# British Citizen, can you enter Canada before your IEC visa process has completed?



## guyht (Jul 15, 2011)

My girlfriend has applied for her IEC visa, and has been quoted 10 weeks processing time in the email (anyone know if these are accurate estimations?).

She is supposed to fly out to Canada in about 7 weeks. Will it be possible for her to fly out as a UK citizen before she has received her IEC visa? And will this be problematic? 
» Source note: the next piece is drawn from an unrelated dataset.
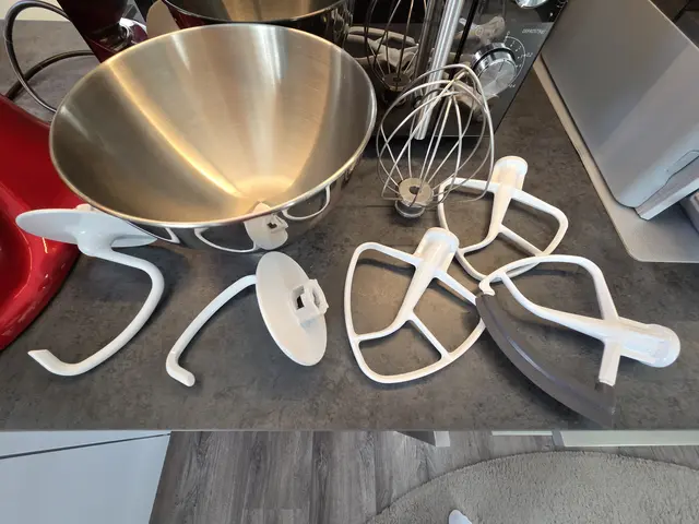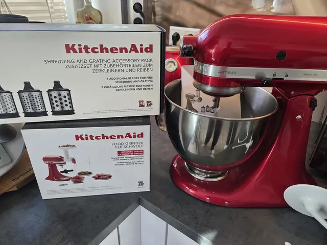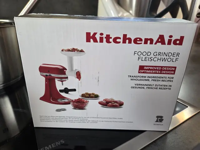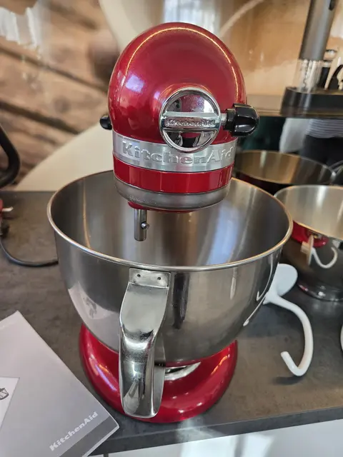KitchenAid Artisan 5KSM175 Liebesapfelrot – Wie NEU – Inkl. Fleischwolf & Gemüseschneider OVPIch verkaufe meine hochwertige KitchenAid Artisan (Modell 5KSM175) in der wunderschönen und klassischen Farbe Liebesapfelrot (Candy Apple). Die Maschine ist ein echter Blickfang in jeder Küche, extrem robust und langlebig. Da sie bei mir leider kaum genutzt wird, darf sie nun in eine neue Küche weiterziehen.Zustand: * Die Küchenmaschine wurde lediglich 4 bis 5 Mal benutzt. * Das Gerät ist technisch und optisch in einem hervorragenden, fast neuwertigen Zustand. * Das gesamte Zusatz-Zubehör (Gemüseschneider & Fleischwolf) ist noch komplett neu und originalverpackt (OVP).Lieferumfang & Neupreise im Detail: * KitchenAid Artisan 5KSM175 Basisset (Liebesapfelrot): (Neupreis: 599,- €) – Inkl. 4,8L Edelstahlschüssel, zusätzliche 3L Edelstahlschüssel, Spritzschutz, Schneebesen, Flachrührer, Flexi-Rührer und Knethaken. * Gemüseschneider-Set (MVSA): (Neupreis: 129,- €) – Zum Reiben, Zerkleinern und Schneiden (NEU & OVP). * Fleischwolf-Aufsatz (FGA): (Neupreis: 99,- €) – Inkl. Messern und Zubehör (NEU & OVP).Gesamtwert des Sets: 827,00 €Wichtiger Hinweis zum Verkauf:Aufgrund des hohen Gewichts der Maschine und des umfangreichen Zubehörs ist nur eine Abholung möglich. Es erfolgt kein Versand und keine Zustellung. So können Sie sich vor Ort auch gerne persönlich vom neuwertigen Zustand überzeugen.Hinweis: Dies ist ein Privatverkauf. Der Verkauf erfolgt unter Ausschluss jeglicher Sachmängelhaftung, Gewährleistung, Garantie oder Rücknahme.

Also, do customs require you to show you have a return ticket when coming in as a visitor with no visa?

Many Thanks


----------



## Auld Yin (Mar 10, 2009)

guyht said:


> My girlfriend has applied for her IEC visa, and has been quoted 10 weeks processing time in the email (anyone know if these are accurate estimations?).
> 
> She is supposed to fly out to Canada in about 7 weeks. Will it be possible for her to fly out as a UK citizen before she has received her IEC visa? And will this be problematic?
> 
> ...


If she doesn't have the visa before she leaves then she can enter as a visitor. When visa received and presumably forwarded to her from UK then she can do a trip around the closest flagpole to activate the visa. Coming on a non-return ticket may cause a problem. If the IO thinks she might stay illegally she could be refused admittance. If she decides to try it then she should bring all her visa application documentation to show that she's in process.


----------



## guyht (Jul 15, 2011)

Looks like we will have to look into a return ticket.

Thanks for the help


----------